In 270 cities and towns, tens of thousands of low-wage workers joined the Fight for $15 November 10 day of action, taking to the streets in the movement’s largest nationwide demonstration to build worker power yet. One year out from the 2016 elections, the protests also looked to turn that power toward electoral contests, calling on candidates for public office to join the fight for higher wages, with the slogan “Come Get My Vote.”

“Low-wage workers across the country today are offering a glimpse of the power that comes with their unified voice,” said Christine Owens, executive director of the National Employment Law Project, “and candidates gearing up for the 2016 elections across the country should take note of their urgent calls for change.”

An estimated 1,000 protesters marched Tuesday night from the city hall in Milwaukee to the auditorium where a Republican presidential debate was being held.

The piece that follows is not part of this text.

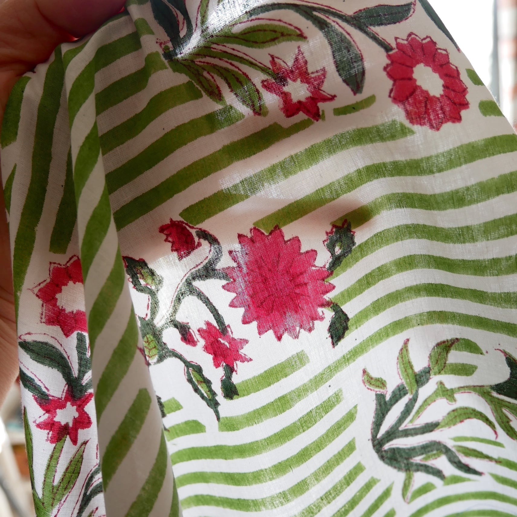 ◾️爽やかなグリーンストライプに、赤い花が咲き誇る。どこか懐かしく、心が弾むレトロフラワー。インドのハンドブロックプリント生地
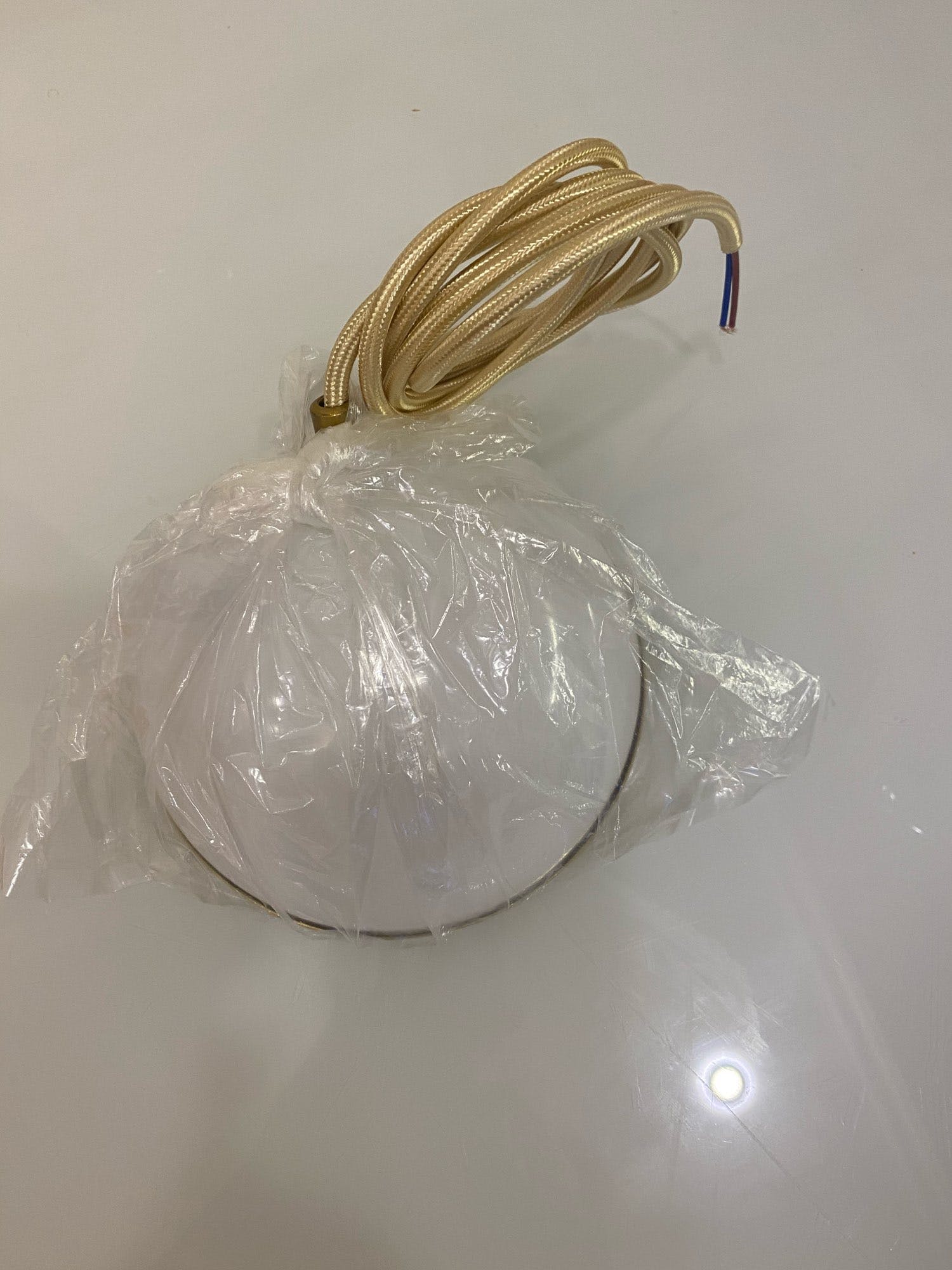 Crescent pendant light is an illuminated Opal sphere sliced in half to reveal a crescent-shaped brushed Brass fascia. Crescent pendant light seamlessly combines the solid and the opaque making this perfect in any setting.

The protest prompted the main debate’s first question for the current GOP poll-leaders Donald Trump and Ben Carson from moderator Neil Cavuto, who asked if they sympathized with the low-wage workers and would support raising the federal minimum wage.

They both rejected any increase in the minimum wage, with Trump saying he thinks that U.S. workers’ “wages are too high” and Carson saying “I would not raise it,” asserting “every time we raise the minimum wage, the number of jobless people increases” – a claim that fact-checkers immediately labeled “false.”

Florida Senator Marco Rubio, another Republican presidential candidate, then said that he too opposes raising the federal minimum wage, currently stuck at a poverty-level $7.25 per hour, asserting that doing so would “make people more expensive than a machine” – a curious statement given that the senator has previously said “You can’t live on $10 an hour. You can’t live on $11 an hour.”

Still, the Fight for $15 movement is increasingly forcing the urgent need to raise wages to the center of the policy and political debates. And more and more public officials are responding positively to the momentum toward a $15 minimum wage.

At a rally with low-wage workers Tuesday, New York Governor Andrew Cuomo announced he is instituting a phased-in $15 minimum wage for all state government workers, by 2018 in New York City and 2021 statewide, making New York the first state in the nation with a $15 minimum wage for state employees.

Also on Tuesday, Mayor Bill Peduto of Pittsburgh, Pennsylvania, issued an executive order setting a $15 minimum wage for all city employees by 2021.

Forty-two percent of America’s non-self-employed workers are paid less than $15 per hour, according to NELP’s updated report The Growing Movement for $15 which tracks the movement’s meteoric rise. That’s a huge constituency capable of wielding considerable power at the ballot box. And, as recent polling shows, they are increasingly inclined to do so.